= Hierarchical structure of the Big Five =

Structure of the Big Five model of personality

Within personality psychology, it has become common practice to use factor analysis to derive personality traits. The Big Five model proposes that there are five basic personality traits. These traits were derived in accordance with the lexical hypothesis. These five personality traits: Extraversion, Neuroticism, Agreeableness, Conscientiousness and Openness to Experience have garnered widespread support .

The Big Five personality characteristics represent one level in a hierarchy of traits. These traits can be subdivided into collections of aspects or facets which are related to each other but are not identical. As the sub-level of a hierarchy, these traits can be said to be made up of these aspects or facets. The Big Five traits can also be combined into higher order factors consisting of two or more traits. These superordinate factors and subcomponents and the approaches used to devise them are discussed below.

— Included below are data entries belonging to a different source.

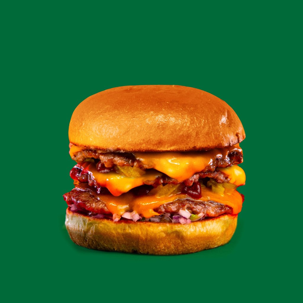 Americká brioška grilovaná na másle, 3x mleté hovězí(65g), čedar, cibule, americké a nakládané okurky, omáčky (medová majonéza, bbq a hořčičný dip).
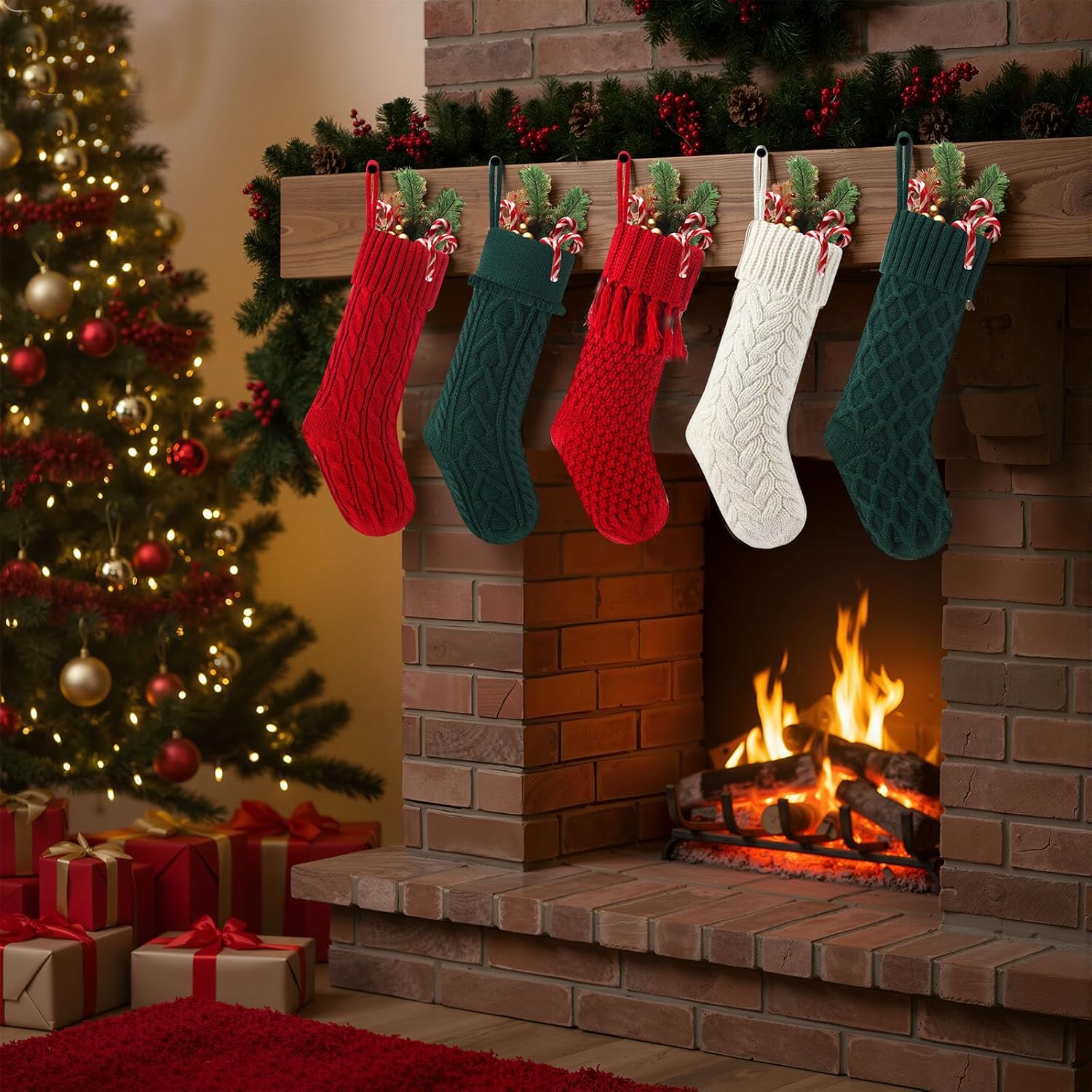 Christmas decorations: Packages include 6 pcs 18-inch cable knit Christmas stockings in assorted handmade patterns. The Christmas tones and rustic texture complement farmhouse, boho, and minimalist Christmas styles. A great addition to holiday and seasonal decor
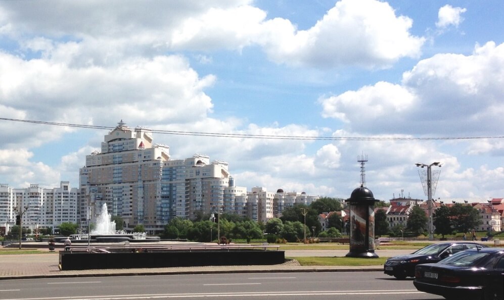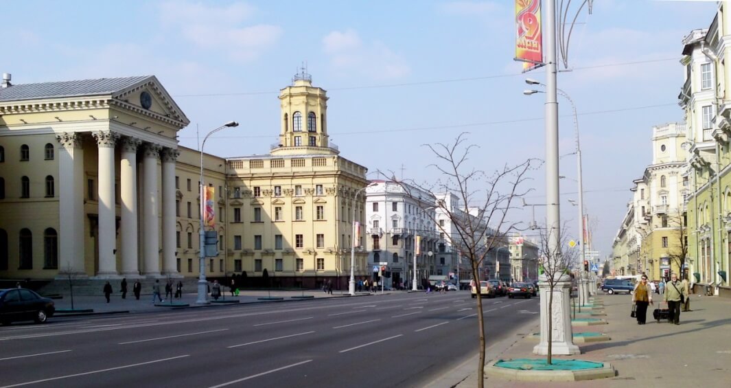 Примером такого градостроительного ансамбля является застройка центральной части пр. Независимости. По результатам проведенного в 1947 г. конкурса для реализации был выбран проект М. Парусникова, разработанный под влиянием классической архитектуры.

==Subcomponents of the Big Five==

===Aspects (Big Five Aspect Scale)===

The Big Five Aspect Scale contains 100 items and is designed to measure the Big Five personality characteristics both at the trait and aspect level. The aspect level is described as being "a level of trait organization located between facets and domains". Previous research on this topic had focused on a two-leveled hierarchy consisting of traits and facets. The authors of the article "Between facets and domains: 10 aspects of the Big Five" argued that there was evidence for an intermediary level between the Big Five and its constituent facets. The authors also cite previous research suggesting two factor solutions subsumed by each of the Big Five personality Traits.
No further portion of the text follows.